В Анапе был как раз учебный отряд Черноморского флота, где готовили радистов. Приехали мы туда. Но пробыли мы там, - учёбу мы уже начали, - но пробыли мы там очень короткое время, может быть, недели две. За стеной, отделяющей нашу школу от всего мира, был аэродром, и его начали бомбить. Нас на следующий же день эвакуировали в Геленджик. Имущество, аппаратуру всякую – на грузовиках, на машинах, а мы пешком пошли. А потом, в общем, не у всех сил хватило пешком дойти до Геленджика, мы ночевали прямо под открытым небом. Потом взяли нас некоторых слабеньких, значит, на машины и мы приехали в Геленджик, расположились там. А там уже была из Николаевска школа радистов. Вот нас соединили.

У нас девчонки – две роты, а там рота парней-радистов. Но заниматься нам не пришлось, немцы так бомбили. Только мы придём в столовую на завтрак, сейчас же воздушная тревога... Ну, что? По щелям, вот. Потом мы приспособились, хватали эту кастрюлю, свои миски и бежали, значит, завтракать под деревья. У меня даже фотография одна есть такая – мы газету, боевой листок, выпускаем. Так низко летали над нами! Один летел, знаете, фашист, ну, просто чуть выше деревьев, и мы видели его смеющуюся рожу и грозили ему кулаками, а он смеялся над нами. Короче говоря, вот в таких условиях мы оказались в Геленджике. И вы понимаете, задача такая: нас надо было вывезти потому, что Геленджик-то бомбили больше, чем Анапу. А немцы не давали возможности корабли подогнать к порту, чтобы нас посадить. И вот был трудный кусок нашей жизни. Ложимся спать, через короткое время: «Боевая тревога!» Раз-раз-раз-раз, чтобы быть готовым, надо ехать в порт, чтобы сесть на корабль. Потом отбой. И потом опять... Только мы начинаем засыпать, опять: «Боевая тревога!» А потом уже взрослой-то я стала, ведь нас старшина тренировал. Две минуты... Вот мы ложились, как люди ложаться спать, да?

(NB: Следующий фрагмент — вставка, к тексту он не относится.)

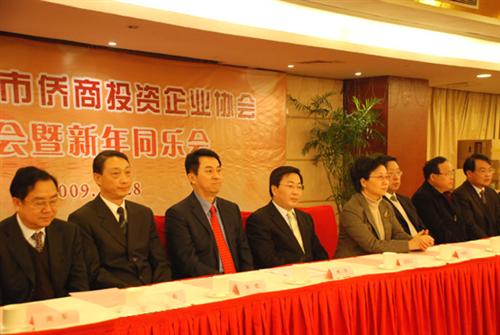 市侨商会会长、侨鸿集团董事长傅伟先生向来宾介绍了侨商会在2009年协助会员企业应对金融危机、开拓前进的工作情况,并计划在2010年进一步有所作为,同时呼吁海外华侨华人一起来支持南京申办2014年青奥会,向全世界展示南京的城市形象和精神。
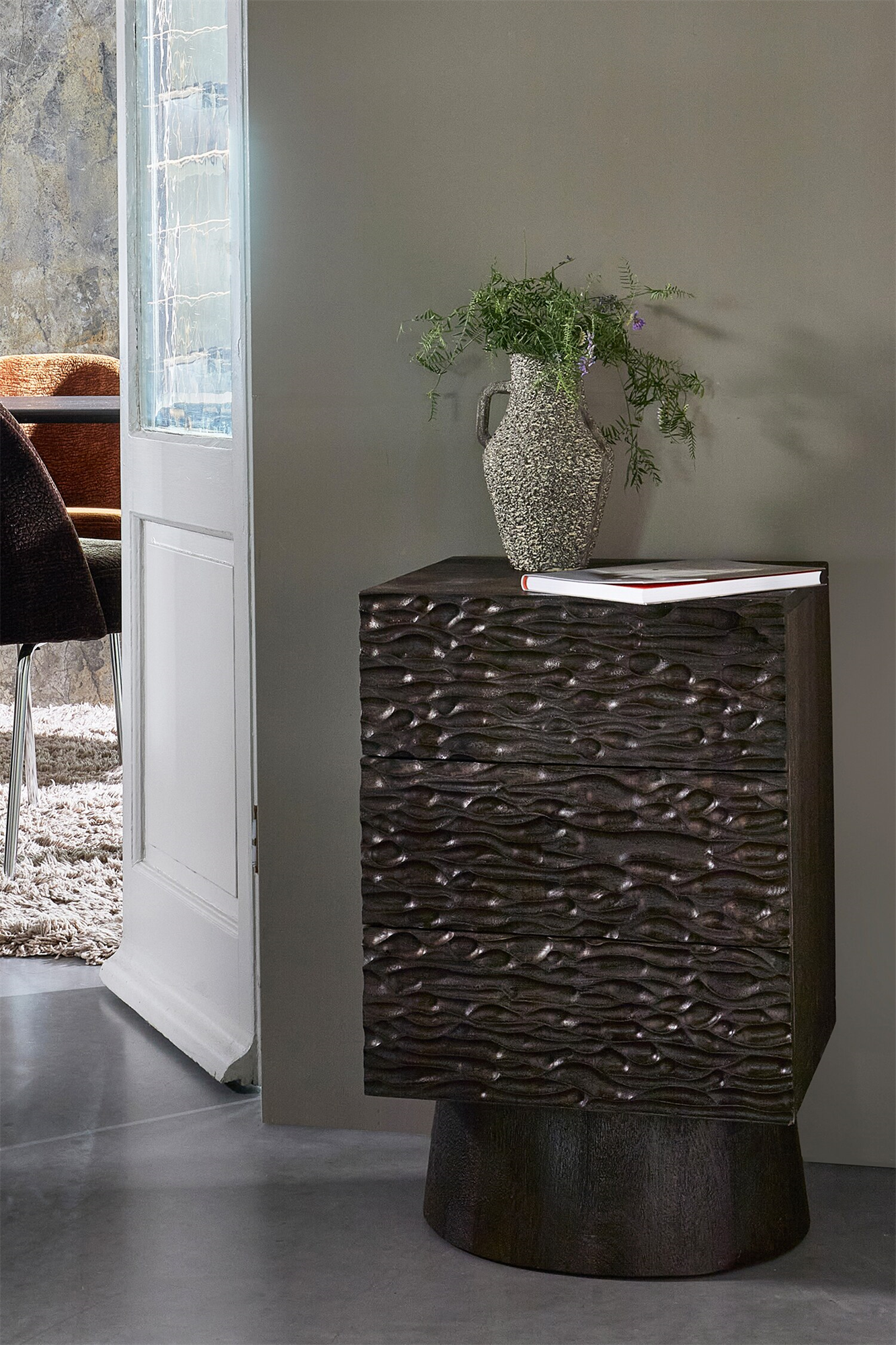 Прикроватная тумбочка Crumble от WOOOD сочетает в себе игривую структуру, широкие ножки и теплый вид. Изготовленная из экологически чистой древесины манго, она впечатляет своим золотисто-коричневым цветом и уникальной текстурой. Прикроватная тумбочка предлагает много места благодаря трем выдвижным ящикам и имеет высоту 63,5 см, ширину 40 см и глубину 37 см. Высота прочных ножек составляет 16 см. Древесину манго легко чистить влажной тряпкой. Для мебели высотой более 50 см рекомендуется использовать защиту от опрокидывания. Предмет мебели поставляется в упаковке с войлочными полозьями для защиты пола.
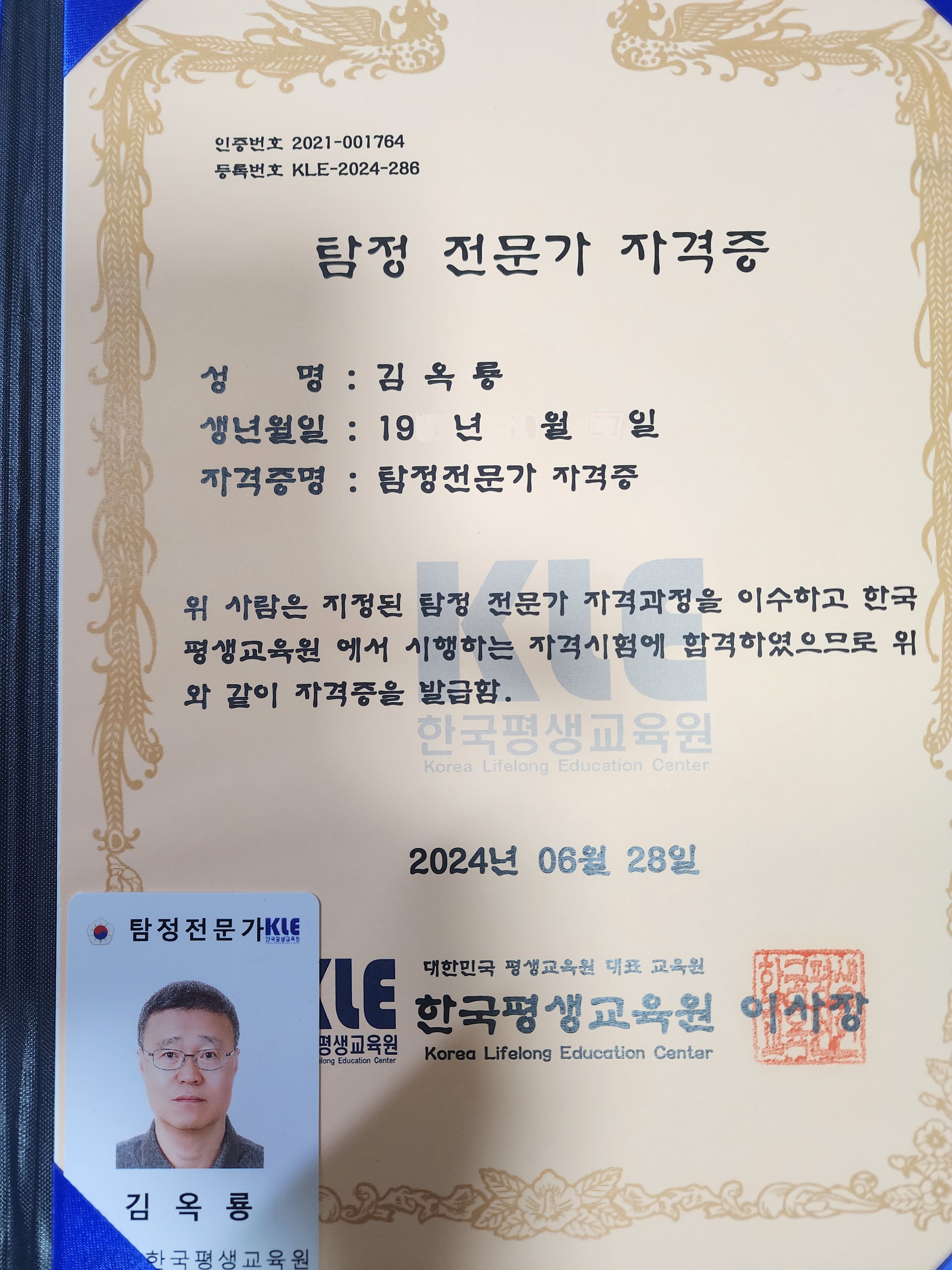 옥룡행정사는 탐정 전문가 자격이 있습니다.

Чтоб за эти две минуты мы были при полном параде и со своим рюкзаком и в строй. Кто не успевал, того тренировали ещё. Но немцы действительно мешали нам эвакуироваться. Только корабли нацелятся на Геленджикский порт, как начинается налёт. И вот однажды нас всё-таки посадили ночью на машины и привезли в порт. Привезли нас, вот этих парней-радистов и привезли раненных - там и солдаты и краснофлотцы были. Оказывается, прибыло в порт два специальных судна, чтобы нас всех забрать. И вы знаете вот, ну, несколько сотен человек там нас стояло, и вдруг красная летит ракета, и начинается налёт. Какой был ужас! Как орали девчонки! А командиры нам, значит: «Скорее! Бегите! Бегите!» Одни девчонки на «Пестель», - был такой сухогруз «Пестель», - и нас, радисток, на этот «Пестель». И парней тоже наших. А для раненых, какой-то другой, комфортабельный пришёл корабль. И вот мы пошли...

Наш корабль пошёл от Геленджика, а за нами увязался немец. И вот над нашей головой шёл воздушный бой. Немцу удалось подбить нашего, и он с парашютом выбросился в море. Ну, ему очень испугаться, наверно, не было нужно потому, что раз корабль вот, рядом, он знал, что его сейчас же подхватят. И тут сразу команда: «Шлюпку на воду!» и его привезли, успели его подхватить. В Батуми тоже как-то не приспособлено было место для учёбы, и тогда нас перевезли в Кутаиси. В Кутаиси мы попали в настоящую школу военную, построенную ещё Николаем I. Один корпус был, где парни были, а другой, где наши две роты располагались. И вот мы там учились. В это время уже шли бои под Сталинградом. Даже нашего одного преподавателя уже взяли туда. Правда, он потом вернулся и мы спрашиваем: «А что же Вас назад отправили?» А он говорит: «Нужды во мне больше нет». Там уже разгромили немцев. И потом, в конце декабря 1942 года мы закончили курс и нас распределили по различным воинским частям.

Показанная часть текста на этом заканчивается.